Large Thread Size prevents Kernel from running

I have been coding my first CUDA program on a GTX 470 and have been using

#define NUM_THREADS ###

Where ### is a number I vary while I am debugging. I have been able to get the Kernel to work correctly using small thread sizes (much easier to debug). However as I increase it to 1024 or 512 … 64 the Kernel does not appear to launch. I even put a printf(“hi”) right at the top of the kernel. Nothing. If I decrease the size it works again and prints out “hi!”. I tallied up all my global memory and even at 1024 threads (max) I am barely using 128 MB global memory. I do use a lot of registers in the kernel (which I am trying to eliminate), but I thought that if there were too many registers to fill the SM, it would just schedule less (i.e. max threads per SM is 1024, but because lots of registers are used it would only be 256 threads per SM or something). Is that correct?

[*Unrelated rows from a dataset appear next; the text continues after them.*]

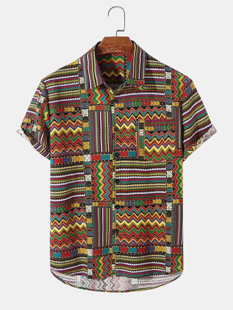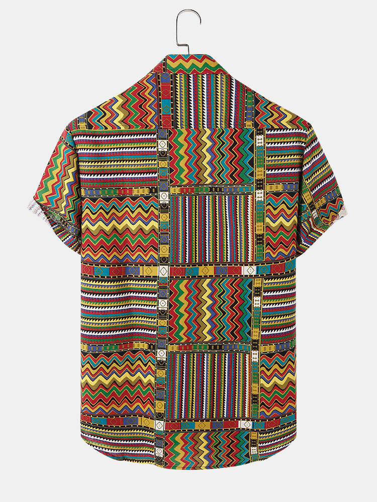 Mens Colorful Geometry Pattern Lapel Short Sleeve Tribal Shirt – Red S
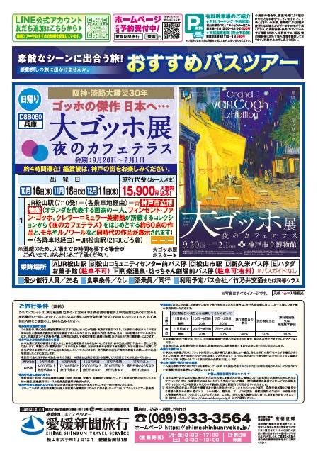 1日目 | JR松山駅(7:10発)===<各乗車地経由>===■神戸市立博物館(オランダを代表する画家の一人、フィンセント・ファン・ゴッホ。クレラー・ミュラー美術館が所蔵するコレクションから《夜のカフェテラス》をはじめとする約60点の作品と、モネやルノワールなど同時代の作品が展示されます)===<各降車地経由>===JR松山駅(21:30ごろ着)
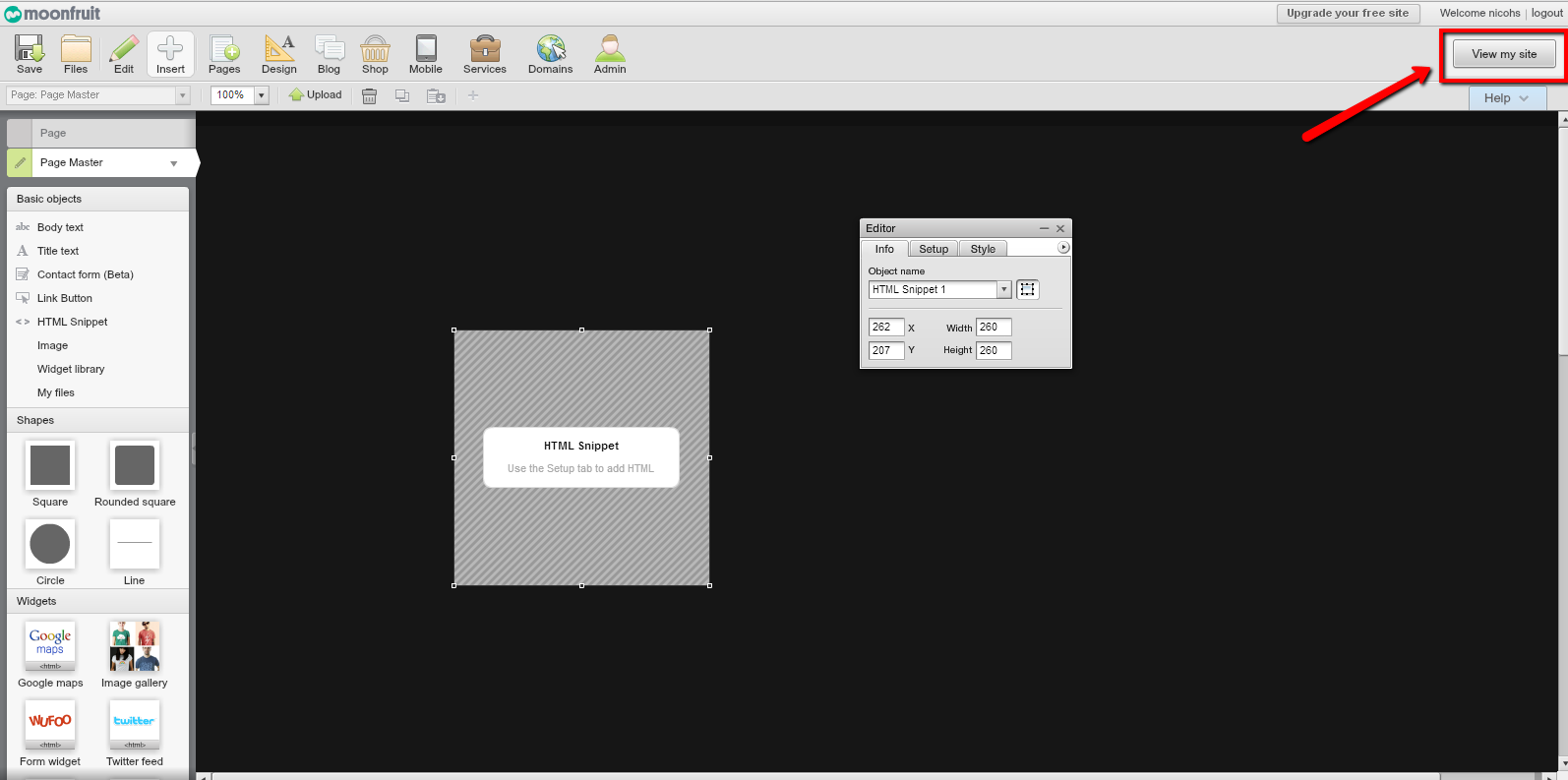 NOTE: On Editor, Info tab you can change width and height of HTML Snippet element or just drag to resize it as needed.
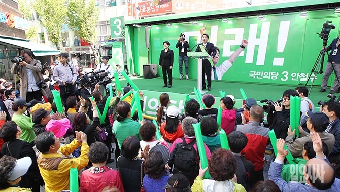 국민의당 안철수 대선후보가 26일 오후 강원도 원주시 문화의 거리에서 열린 집중유세에서 지지를 호소하고 있다.

I have also noticed during debugging that if a Kernel address goes out of bounds it appears to stop (crash?) the Kernel. Is that what happens when an out of bounds or unallocated address is used in the Kernel?

I am furiously checking all my Kernel addresses for validity, but just wanted to see if there was something else going on here.



The number of blocks per SM is indeed automatically reduced if there aren’t enough registers available. However, once the number of blocks per SM drops below one, the kernel cannot be launched anymore.

Also, you probably want to get into the habit of checking the return codes on CUDA functions, which will tell you directly if a kernel has failed to launch.

Thanks for all the help! This is my first program and there is a TON to learn.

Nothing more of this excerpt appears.